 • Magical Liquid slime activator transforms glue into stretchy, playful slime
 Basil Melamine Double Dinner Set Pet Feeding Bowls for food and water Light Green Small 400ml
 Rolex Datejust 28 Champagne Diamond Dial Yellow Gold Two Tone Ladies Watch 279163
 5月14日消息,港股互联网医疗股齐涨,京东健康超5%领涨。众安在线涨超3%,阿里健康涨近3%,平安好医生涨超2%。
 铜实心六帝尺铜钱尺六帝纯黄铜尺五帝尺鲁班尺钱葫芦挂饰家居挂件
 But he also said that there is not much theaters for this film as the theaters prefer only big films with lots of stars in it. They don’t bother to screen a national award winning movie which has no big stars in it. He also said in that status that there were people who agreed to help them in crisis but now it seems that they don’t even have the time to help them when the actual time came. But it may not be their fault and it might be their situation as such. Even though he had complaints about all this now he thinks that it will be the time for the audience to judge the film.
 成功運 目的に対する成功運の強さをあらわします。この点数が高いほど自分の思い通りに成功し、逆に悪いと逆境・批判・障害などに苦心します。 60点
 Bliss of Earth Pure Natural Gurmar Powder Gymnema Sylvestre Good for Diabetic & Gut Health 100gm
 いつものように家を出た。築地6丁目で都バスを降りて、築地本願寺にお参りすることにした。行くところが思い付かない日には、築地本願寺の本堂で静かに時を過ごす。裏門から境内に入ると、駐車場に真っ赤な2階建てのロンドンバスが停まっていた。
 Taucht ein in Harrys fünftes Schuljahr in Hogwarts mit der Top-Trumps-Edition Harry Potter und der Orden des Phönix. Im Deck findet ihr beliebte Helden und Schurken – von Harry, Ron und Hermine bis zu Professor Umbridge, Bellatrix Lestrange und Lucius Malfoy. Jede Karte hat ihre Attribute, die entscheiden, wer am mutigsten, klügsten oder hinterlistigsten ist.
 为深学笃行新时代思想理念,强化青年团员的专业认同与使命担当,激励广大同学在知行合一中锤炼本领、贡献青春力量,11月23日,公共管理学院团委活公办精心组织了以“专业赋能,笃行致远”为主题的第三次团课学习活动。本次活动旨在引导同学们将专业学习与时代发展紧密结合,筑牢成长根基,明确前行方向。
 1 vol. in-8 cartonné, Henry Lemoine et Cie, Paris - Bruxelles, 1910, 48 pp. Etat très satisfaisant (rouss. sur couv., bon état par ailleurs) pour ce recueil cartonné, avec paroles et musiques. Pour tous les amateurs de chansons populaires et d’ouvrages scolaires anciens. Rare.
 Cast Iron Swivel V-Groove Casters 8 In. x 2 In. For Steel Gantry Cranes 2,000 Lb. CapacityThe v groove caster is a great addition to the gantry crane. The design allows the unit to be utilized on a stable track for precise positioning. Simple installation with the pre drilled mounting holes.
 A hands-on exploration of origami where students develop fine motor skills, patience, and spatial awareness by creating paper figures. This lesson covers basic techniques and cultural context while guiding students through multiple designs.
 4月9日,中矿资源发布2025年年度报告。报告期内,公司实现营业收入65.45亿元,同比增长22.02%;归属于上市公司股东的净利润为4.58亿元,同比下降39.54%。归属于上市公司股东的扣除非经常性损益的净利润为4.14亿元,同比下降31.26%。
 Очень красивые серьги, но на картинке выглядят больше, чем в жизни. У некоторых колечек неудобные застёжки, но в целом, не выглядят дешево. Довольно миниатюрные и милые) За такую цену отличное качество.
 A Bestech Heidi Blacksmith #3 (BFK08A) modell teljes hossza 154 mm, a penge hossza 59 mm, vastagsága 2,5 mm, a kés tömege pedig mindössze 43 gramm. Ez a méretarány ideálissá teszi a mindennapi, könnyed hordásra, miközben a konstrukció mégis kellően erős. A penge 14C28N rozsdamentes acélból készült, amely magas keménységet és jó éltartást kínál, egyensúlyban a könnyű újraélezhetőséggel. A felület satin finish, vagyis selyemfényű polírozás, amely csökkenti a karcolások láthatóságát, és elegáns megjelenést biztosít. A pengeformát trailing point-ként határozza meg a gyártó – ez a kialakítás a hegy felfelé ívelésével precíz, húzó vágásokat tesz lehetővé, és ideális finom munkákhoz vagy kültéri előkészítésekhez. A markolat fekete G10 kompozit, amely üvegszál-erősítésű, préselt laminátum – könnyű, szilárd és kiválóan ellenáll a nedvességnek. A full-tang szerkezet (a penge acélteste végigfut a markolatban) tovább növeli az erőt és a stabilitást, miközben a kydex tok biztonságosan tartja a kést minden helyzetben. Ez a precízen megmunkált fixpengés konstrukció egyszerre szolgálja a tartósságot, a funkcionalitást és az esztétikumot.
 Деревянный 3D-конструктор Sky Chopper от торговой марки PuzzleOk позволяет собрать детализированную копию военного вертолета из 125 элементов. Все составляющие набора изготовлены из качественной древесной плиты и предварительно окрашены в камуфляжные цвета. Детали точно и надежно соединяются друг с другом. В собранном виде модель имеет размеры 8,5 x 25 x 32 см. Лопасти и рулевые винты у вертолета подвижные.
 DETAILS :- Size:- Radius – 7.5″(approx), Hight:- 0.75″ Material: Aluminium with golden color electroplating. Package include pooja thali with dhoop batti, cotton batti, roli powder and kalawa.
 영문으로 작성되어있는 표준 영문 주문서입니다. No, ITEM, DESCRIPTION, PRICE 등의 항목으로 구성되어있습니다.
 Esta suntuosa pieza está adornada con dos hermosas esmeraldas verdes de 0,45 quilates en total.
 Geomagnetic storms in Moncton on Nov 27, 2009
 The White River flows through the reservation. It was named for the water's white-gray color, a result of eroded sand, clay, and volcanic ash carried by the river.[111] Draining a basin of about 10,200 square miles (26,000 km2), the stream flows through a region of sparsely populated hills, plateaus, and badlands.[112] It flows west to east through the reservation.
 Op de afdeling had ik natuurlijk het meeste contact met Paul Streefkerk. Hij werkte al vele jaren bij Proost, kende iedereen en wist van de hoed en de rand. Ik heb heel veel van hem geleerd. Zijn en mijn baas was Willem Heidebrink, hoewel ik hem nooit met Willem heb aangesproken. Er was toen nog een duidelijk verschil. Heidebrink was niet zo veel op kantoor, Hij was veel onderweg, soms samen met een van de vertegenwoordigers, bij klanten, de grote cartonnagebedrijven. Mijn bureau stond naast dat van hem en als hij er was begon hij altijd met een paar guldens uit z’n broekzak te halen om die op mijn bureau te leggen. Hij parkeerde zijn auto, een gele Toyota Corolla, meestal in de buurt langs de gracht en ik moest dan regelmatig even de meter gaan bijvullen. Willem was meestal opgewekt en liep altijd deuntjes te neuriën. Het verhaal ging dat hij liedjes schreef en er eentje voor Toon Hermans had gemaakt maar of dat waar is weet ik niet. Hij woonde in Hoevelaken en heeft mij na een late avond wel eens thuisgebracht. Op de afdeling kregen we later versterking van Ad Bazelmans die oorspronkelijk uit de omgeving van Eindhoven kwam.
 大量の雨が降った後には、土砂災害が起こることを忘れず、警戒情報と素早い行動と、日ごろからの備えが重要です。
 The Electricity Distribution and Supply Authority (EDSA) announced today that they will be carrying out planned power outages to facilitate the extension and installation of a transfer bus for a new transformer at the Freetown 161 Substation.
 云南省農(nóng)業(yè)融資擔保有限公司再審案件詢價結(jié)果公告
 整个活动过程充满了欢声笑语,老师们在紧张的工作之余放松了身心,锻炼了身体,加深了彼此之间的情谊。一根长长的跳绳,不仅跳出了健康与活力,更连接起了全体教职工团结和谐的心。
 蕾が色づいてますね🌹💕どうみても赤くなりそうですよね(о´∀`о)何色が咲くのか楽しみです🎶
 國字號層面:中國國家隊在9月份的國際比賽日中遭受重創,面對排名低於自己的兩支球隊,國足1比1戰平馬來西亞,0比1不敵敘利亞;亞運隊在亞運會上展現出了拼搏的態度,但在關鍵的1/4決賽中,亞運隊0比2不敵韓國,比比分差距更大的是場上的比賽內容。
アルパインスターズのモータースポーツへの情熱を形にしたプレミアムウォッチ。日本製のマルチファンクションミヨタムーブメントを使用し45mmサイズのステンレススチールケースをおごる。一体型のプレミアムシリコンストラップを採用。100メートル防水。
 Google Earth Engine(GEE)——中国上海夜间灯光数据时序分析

== WHAT YOU SHOULD DO ==
What lines of the material contain "water"? Show them.

== SOLUTION ==
 Basil Melamine Double Dinner Set Pet Feeding Bowls for food and water Light Green Small 400ml
 The White River flows through the reservation. It was named for the water's white-gray color, a result of eroded sand, clay, and volcanic ash carried by the river.[111] Draining a basin of about 10,200 square miles (26,000 km2), the stream flows through a region of sparsely populated hills, plateaus, and badlands.[112] It flows west to east through the reservation.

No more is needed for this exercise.